Остап подошел к извозчику, молча уселся и широким жестом пригласил Ипполита Матвеевича.
— На Сивцев Вражек! — сказал он. — Восемь гривен.
Извозчик обомлел. Завязался нудный спор, в котором часто упоминались цены на овес и ключ от квартиры, где деньги лежат.
Извозчик издал губами поцелуйный звук. Проехали под мостом, и перед путниками развернулась величественная панорама столичного города.
Подле реставрированных тщанием Главнауки Красных ворот расположились заляпанные известкой маляры с саженными кистями, плотники с пилами, штукатуры и каменщики. Они плотно облепили угол Садовой-Спасской.
— Запасный дворец, — заметил Ипполит Матвеевич, глядя на длинное, белое с зеленым, здание по Новой Басманной.
— Работал я и в этом дворце, — сказал Остап, — он. кстати, не дворец, а НКПС. Там служащие, вероятно, до сих пор носят эмалевые нагрудные знаки, которые я изобрел и распространял. А вот и Мясницкая. Замечательная улица. Здесь можно подохнуть с голоду. Не будете же вы есть на первое шарикоподшипники, а на второе — мельничные жернова. Туг ничем другим не торгуют.
— Туг и раньше так было. Хорошо помню. Я заказы вал на Мясницкой громоотводы для своего старгородского дома.
Когда проезжали Лубянскую площадь, Ипполит Матвеевич забеспокоился.
— Куда мы, однако, едем? — спросил Ипполит Матвеевич.
— К хорошим людям, — ответил Остап, — в Москве их масса. И все мои знакомые.
— И мы у них остановимся?
— Это общежитие. Если не у одного, то у другого место всегда найдется.
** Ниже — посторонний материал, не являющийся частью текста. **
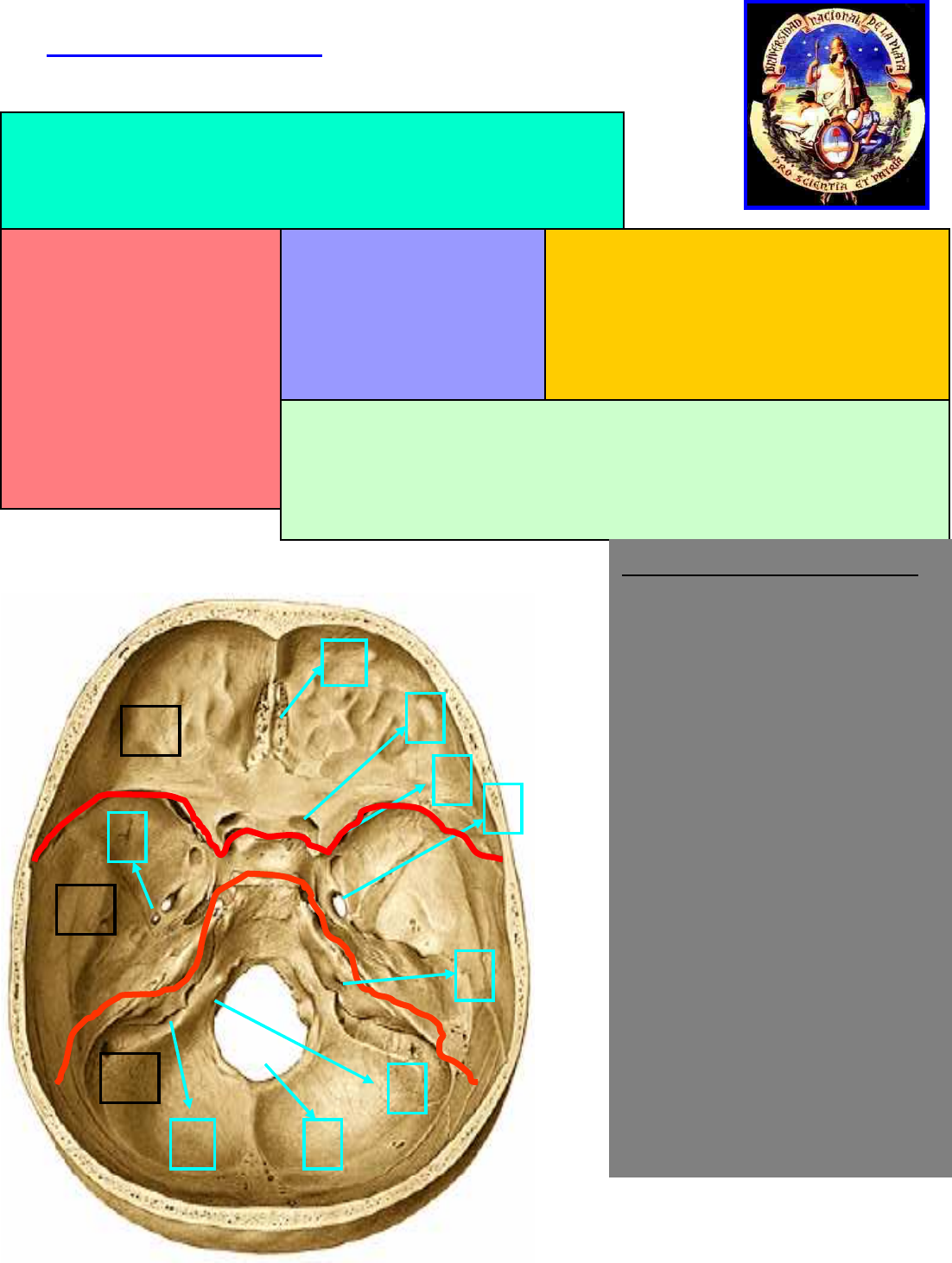 ANATOMIA HUMANA- AGUSTÍN PISCOPO 1 PARES CRANEALES Motores: 3º par o Motor ocular común. 4º par o Patético o troclear. 6º par o Motor ocular externo o abducens. 11º par o Espinal o Accesorio del vago. 12º par o Hipogloso mayor. Sensitivos: 1º par u Olfatorio. 2º par u Óptico. 8º par o Auditivo o vestíbulo coclear. Mixtos: 5º par o Trigémino. 7º par o Facial. 9º par o Glosofaríngeo. 10º par o Neumogástrico. A cada par CRANEAL le corresponde en la BASE DEL CRÁNEO, un agujero por el cuál, los nervios emergen desde sus distintos orígenes y van en busca del músculo, glándula, o componente al cuál deben inervar. El siguiente gráfico nos permite apreciar con un poco de más claridad lo dicho recientemente: Agujeros de base de cráneo. 1- Lámina cribiforme 2- Canal óptico. 3- Hendidura esfenoidal. 4- Agujero Oval. 5- Agujero redondo menor. 6- Conducto auditivo interno (CAI). 7- Agujero condíleo anterior. 8- Agujero rasgado posterior. 9-Agujero MAGNO. 10- Fosa craneana anterior. 11- Fosa craneana media. 12- Fosa craneana posterior 13- Silla turca. No sé puede ver el agujero Redondo Mayor por donde emerge el nervio maxilar superior. Las líneas rojas marcan la división de las fosas craneanas. 1 2 3 4 9 7 8 10 11 12 6 5 Los pares craneales son doce pares de nervios que emergen del encéfalo (bilaterales) y que serían homólogos a los nervios raquídeos. Según la información que llevan pueden clasificarse en: Motores, Sensitivos o Mixtos. ANATOMIA HUMANA- AGUSTÍN PISCOPO 2 Los pares craneales motores tienen eferencias, son eferentes, es decir, fibras que salen del sistema nervioso central y van hacia los órganos efectores (músculos, glándulas, etc.). Los pares craneales sensitivos son aferentes solo tienen aferencias, es decir, fibras que conducen la información hacia el sistema nervioso central. En cambio los nervios mixtos tienen tanto aferencias como eferencias, es decir son aferentes como eferentes. ANATOMIA HUMANA- AGUSTÍN PISCOPO 3 -1º par u Olfatorio ORIGEN: El nervio olfatorio esta formado por varios filetes nerviosos que se originan en las células bipolares de Schultze de epitelio olfatorio o pituitario. TRAYECTO Y RELACIONES: Las prolongaciones periféricas de las células de Schultze flotan en la cavidad nasal. Las centrales atraviesan la lámina cribosa del etmoides y llegan al bulbo olfatorio (hay uno de cada lado) para hacer sinapsis con la 2º neurona de la vía motora olfatoria. Hay que resaltar que este es un nervio que en sí no existe, sino que existen filetes del bulbo olfatorio. -2º par u Óptico ORIGEN: El nervio óptico esta formado por el conjunto de axones de las células ganglionares de la 8º capa de la retina, se desprende del globo ocular a 3 mm por dentro y un milímetro por debajo del polo posterior del globo ocular. TRAYECTO Y RELACIONES: El nervio óptico hace un primer trayecto infraorbitario y luego sale de la orbita por el agujero óptico, lugar por donde entra la arteria oftálmica. Luego sigue por el conducto óptico (trayecto intracanicular), que también comparte con la arteria oftálmica, para ubicarse en la cara inferior del cerebro por dentro de la arteria carótida interna (trayecto endocraneano). En seguida se cruza con el nervio óptico del lado opuesto sobre el cuerpo del esfenoides y forma así el quiasma óptico. El quiasma óptico es una lámina nerviosa que se ubica por arriba de la tienda de la hipófisis y se forma por el entrecruzamiento de las fibras nasales de ambos nervios ópticos solamente. LA IMAGEN PERMITE OBSERVAR LA DISTRIBUCION DE LOS NERVIOS SOBRE LA PARED ÓSEA, DE LA CAVIDAD NASAL. ANATOMIA HUMANA- AGUSTÍN PISCOPO 4 Las fibras nasales se cruzan en sentido transversal y latitudinal de manera que además de hacerse contralaterales, las fibras inferiores se hacen superiores y viceversa. A partir del quiasma se forman las BANDELETAS O CINTILLAS OPTICAS que están formadas por: * Las fibras temporales homolaterales. * Las fibras nasales contralaterales. Las cintillas ópticas contornean los pedúnculos cerebrales y terminan haciendo sinapsis con las neuronas de los cuerpos geniculados laterales o externos que representan las 3º neuronas de la vía visual. -3º par o Motor ocular común ORIGEN REAL: El núcleo motor del 3º par que está ubicado en el mesencéfalo a nivel del tubérculo cuadrigéminos anterior, en la parte anterolateral de la substancia gris que rodea al Acueducto de Silvio. Tiene un *NÚCLEO PARASIMPATICO: Núcleo iridioconstrictor de EDINGER WESTPHAL. El origen de las fibras de este núcleo es discutido aún no se sabe específicamente de donde surgen estas fibras. ORIGEN APARENTE: El 3º par sale del tronco por la cara antero interna del pedúnculo cerebral por la escotadura interpeduncular. TRAYECTO Y RELACIONES: El 3º par se forma por fibras que nacen del núcleo motor y de los núcleos vegetativos. Desde su origen el nervio motor ocular común va hacia delante y afuera y pasa por fuera de las apófisis clinoides posteriores. Corre por al cara externa del SENO CAVERNOSO y se introduce en esta pared externa ubicándose por arriba del 4º par y del NERVIO OFTALMICO (RAMA DEL 5º PAR, TRIGEMINO). En este gráfico se pueden apreciar distintos componentes del sistema olfatorio y nos permite ver la formación del QUIASMA OPTICO, el de la izquierda es una pequeña ampliación. ANATOMIA HUMANA- AGUSTÍN PISCOPO 5 Sigue por dentro del seno cavernoso hasta llegar a la HENDIDURA ESFENOIDAL, y la atraviesa por dentro del ANILLO DE ZINN. Cerca de la HENDIDURA ESFENOIDAL se divide en dos ramas terminales: RAMA SUPERIOR inerva al RECTO SUPERIOR y al ELEVADOR DEL PARPADO SUPERIOR. RAMA INFERIOR inerva a los músculos RECTO INFERIOR, RECTO INTERNO Y OBLICUO MENOR. Esta rama también manda unas fibras al ganglio oftálmico (del nervio oftálmico del 5º par) estas fibras hacen sinapsis con las neuronas del ganglio ciliar, cuyos axones forman los nervios ciliares cortos que llegan a globo o

В сквере против Большого театра уже торчала паль мочка, анонсируя, что лето наступило и что желающие подышать свежим воздухом должны немедленно уехать не менее чем за две тысячи верст.
В академических театрах еще свирепствовала зима. Зимний сезон был в разгаре. Афиши сообщали о первом представлении оперы «Любовь к трем апельсинам», о «Последнем концерте перед отъездом за границу знаменитого тенора Дмитрия Смирнова» и о всемирно известном капитане с его шестьюдесятью крокодилами в Первом госцирке.
В Охотном ряду было смятение. Врассыпную, с лотками на головах, как гуси, бежали беспатентные лоточники. За ними лениво трусил милиционер. Беспризорные сидели возле асфальтового чана и с наслаждением вдыхали запах кипящей смолы.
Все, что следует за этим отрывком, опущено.